Es scheine, dass die
Entwicklung des menschlichen Gehirns und die daraus folgende Ausbreitung der
Wissenschaften zu einer Entmachtung der Gene führe, zum irreversiblen (nicht
rückgängig machbaren) Ende der biologischen sich selbst verbessernden
Evolution. Menschen müssten dann die Verantwortung für die zukünftige
Entwicklung des Lebens auf der Erde übernehmen. Nun sei aber der wissenschaftliche
Fortschritt ein teleologischer, planorientierter Prozess. Seine Entscheidungen
unter Risiko könnten als Zufallsereignisse des weltweit störenden Kausalfeldes
betrachtet werden, die sich möglicherweise gegen das Leben richteten.
Es bestehe ein
entscheidender Unterschied zwischen echten und pseudo-evolutionären Prozessen.
Letztere seien nicht selbstverbessernd und bestünden nicht aus wechselnden kompetitiven (selektiven) und kooperativen (aufbauenden)
Phasen. Es könnte überlebensrelevant sein, wenn die Gene weiterhin mitentscheidende
Partialfaktoren blieben in einem Spiel, das sie einst allein entschieden.
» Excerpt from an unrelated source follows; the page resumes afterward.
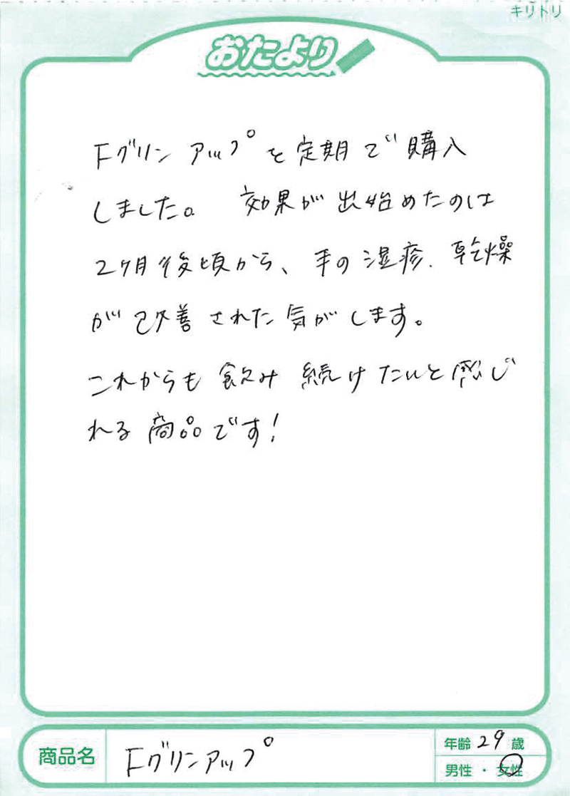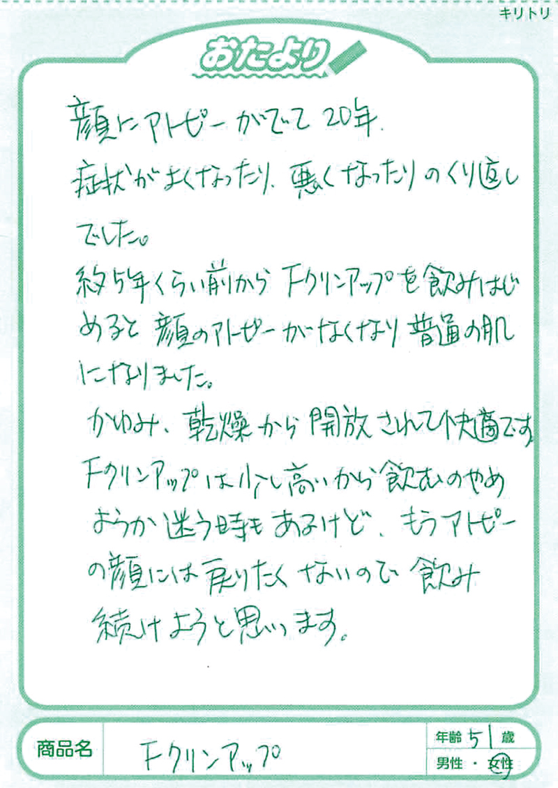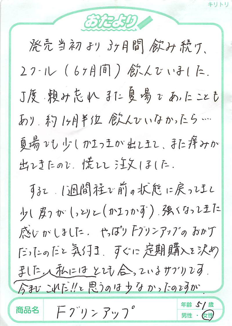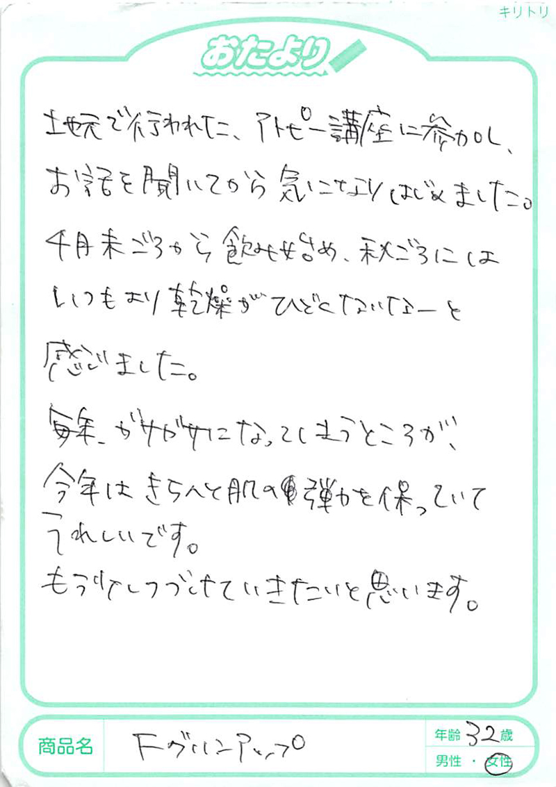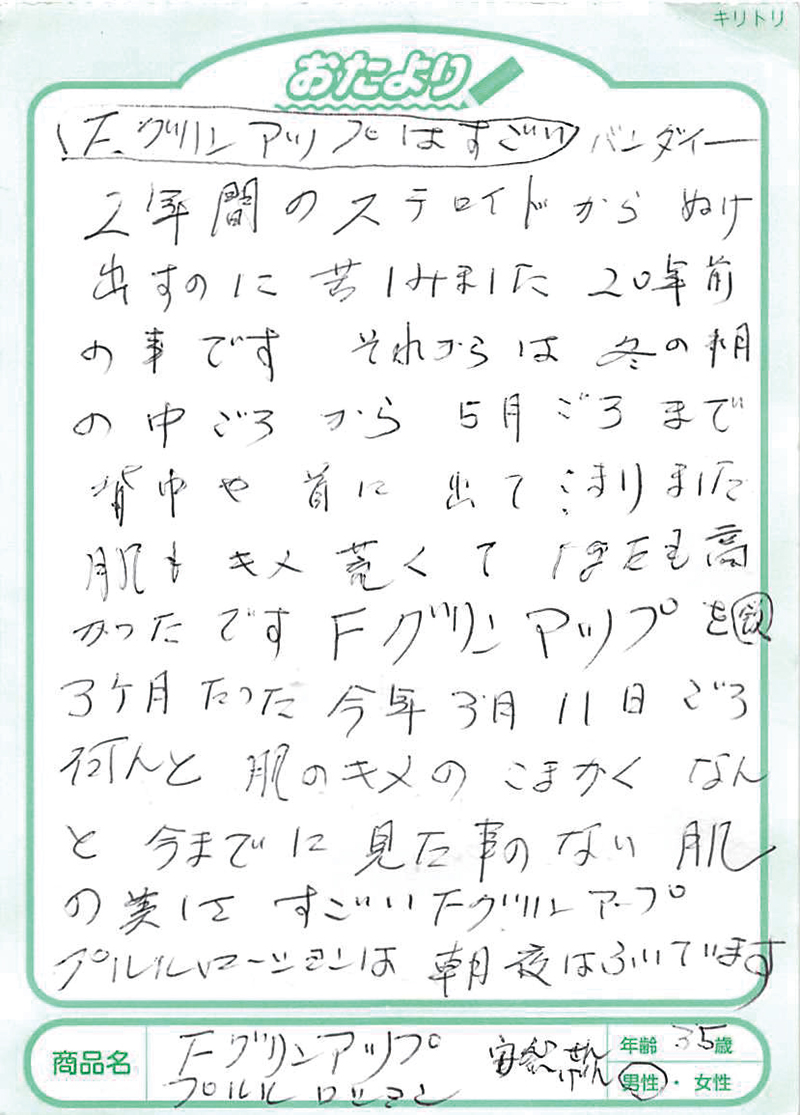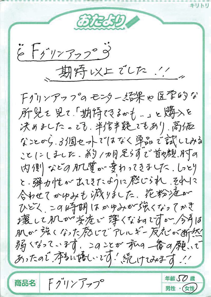 アトピー性皮膚炎の方にフィラグリンが少ないことは2013年に京都大学が発表していました。このフィラグリンについては、欧米の研究でかなり前から肌トラブルに関係していることがいわれていましたが、日本大学の桑原正人先生は、犬のアトピー性皮膚炎の研究からフィラグリンの減少、そしてヘルパーT細胞のⅢ型(Th3)へのアプローチが大切であることを突き止めておられました。1,000例以上の犬のアトピーへの研究を、その後、ヒトにも応用して生まれたのがFグリンアップです。

Nach
dem Entziffern des Zellgedächtnisses könnten Intelligenz und Gene als
gleichberechtigte Mitspieler positive Entscheidungen für eine künftige
Entwicklung treffen.
Wissenschaft und Technologie
sollten versuchen, erfolgreiche evolutionäre Prinzipien zu imitieren.
Kooperative Entscheidungen seien immer ethische Lösungen. Sie könnten uns
Überlebensvorteile gegenüber unvorhersehbaren Umweltfaktoren und Zufällen
sichern. Wichtig wäre es auch, das individuelle Wohlergehen zu maximieren und
es gegenüber dem Konkurrenzdruck egoistischer Gruppeninteressen durchzusetzen.
Dann könnte eine ethische Kooperation zur Integration aller Individuen in einer
verantwortungsvollen globalen Lebensgemeinschaft führen.